This is actually an MPA requirement, and accoring to *protocol* specs
having the active side send a zero length RDMA Write should be able
to fix the problem. However there is language in the RDMAC verbs that
clearly implies that the active side must Send something, and that an
RDMA Write is insufficient.

Therefore, the only truly safe thing for an iWARP btl to do (or a
udapl btl since that is also an iWARP btl) is to have the active
layer send an MPI Layer "nop" of some kind immediately after 
establishing the connection if there is nothing else to send.





Re: [OMPI devel] [ofa-general] Re: OMPI over ofed udapl - bugs opened

2007-05-09 Thread Jeff Squyres

I talked with Steve a bunch on the phone about this.

1. This "connector must RDMA first" issue is an iWARP restriction --  
it's not specific to udapl or verbs.  For example, if you try to use  
udapl with iWARP on Solaris, you'll have the same issue (I have no  
idea whether you have iWARP drivers in Solaris or not).


2. Per his prior e-mail (which I didn't fully grok until I talked to  
him), using the RDMA CM in the openib BTL will not magically fix this  
issue for us.


3. So for any of the BTLs to support iWARP -- regardless of  
underlying protocol or OS -- they are going to have to obey this  
restriction.


4. Luckily, in iWARP, the restriction can be met by either send/ 
receive semantics *or* RDMA semantics.  You don't have to  
specifically use RDMA verbs semantics, for example.  This is good  
because of the way that OMPI works (the first fragment that will be  
transmitted is pretty much guaranteed to be a send/receive fragment,  
not an RDMA fragment) -- it makes the logistics slightly simpler.


Galen Shipman and I talked about this a bit and suggest the following:

- During the connection dance (probably for both the udapl and openib  
BTLs), whichever peer ends up being the connection initiator (don't  
forget about the race condition where 2 peers may simultaneously  
decide to initiate -- this case is handled properly in the OMPI code;  
but just make sure you modify the side that ends up being actual  
initiator), they can send their pending fragment immediately (and  
Steve is right that there will always be a pending fragment, because  
OMPI doesn't make a connection until the first send).
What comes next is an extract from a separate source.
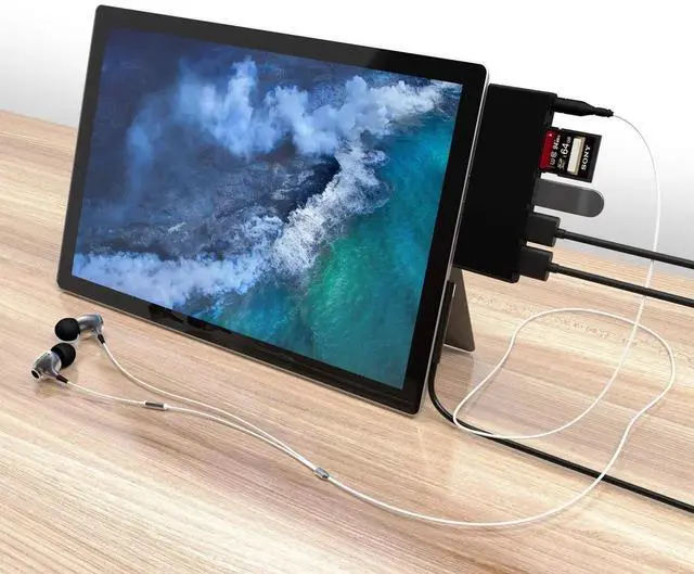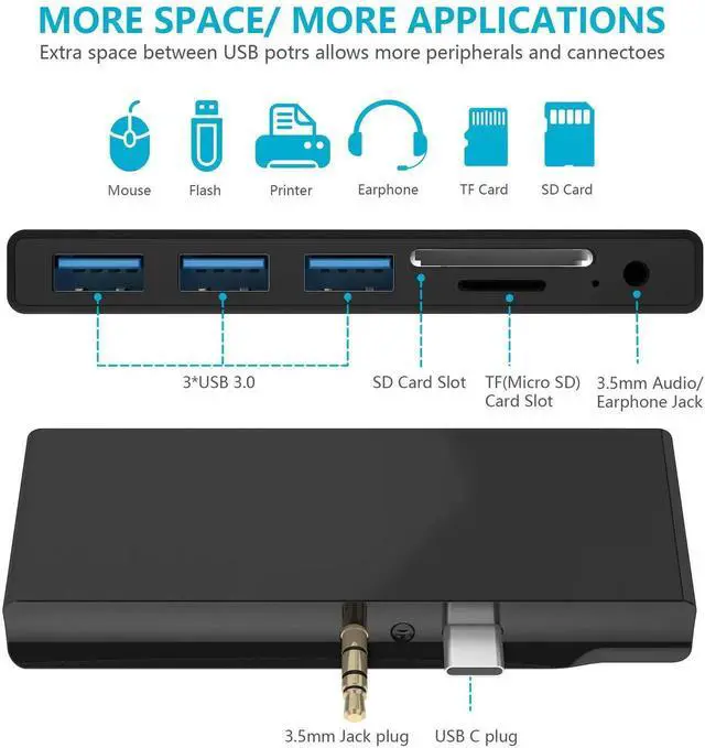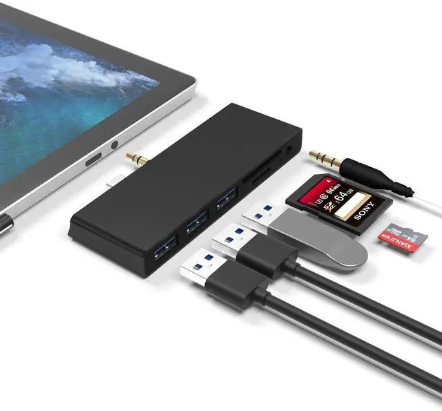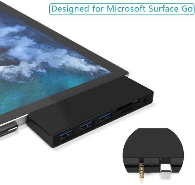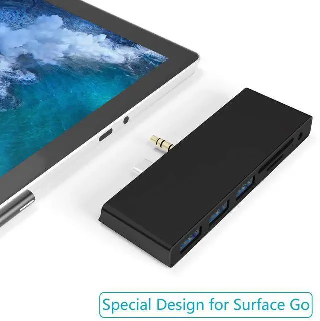 ??Multifunctional Station Surface Go Adapter?This plug-and-play USB C Hub includes 3 USB 3.0 ports, SD/TF Card Reader, 3.5 mm Audio Headphone Jack in an extremely compact and sleek design. All ports can be used on the hub simultaneous. Specially designed for Microsoft

- The other peer (the receiver of the connection) must wait to send  
its pending fragment(s) until it receives the first frag from the  
connection initiator.  This can be accomplished either with another  
flag on the OMPI module struct or perhaps making it part of the  
connection protocol (i.e., don't transition the endpoint to be  
CONNECTED until the first fragment is received).  Either of which can  
be used to queue up fragments on the receiver until the first  
fragment is received from the initiator.  I'd have to look in the  
code deeper, but I'm *guessing* that it might be best to use the  
already-existing state flag (i.e., checking for CONNECTED) because  
then you won't be introducing any more conditionals in the critical  
path.





On May 9, 2007, at 4:45 PM, Donald Kerr wrote:


I guess I have not read enough about iwarp yet but if iwarp is sitting
below ib verbs or udapl in the stack and is trying to impose
restrictions which ib verbs or udapl do not adhere to then maybe iwarp
is in the wrong place in the ofed stack.

Having said that I do agree the OMPI community needs to consider where
iwarp plays in its own stack. If it has not already.

Steve Wise wrote:


On Wed, 2007-05-09 at 16:27 -0400, Donald Kerr wrote:



So then I agree with Andrew, I think you are trying to impose
restrictions on uDAPL which are not part of the Spec.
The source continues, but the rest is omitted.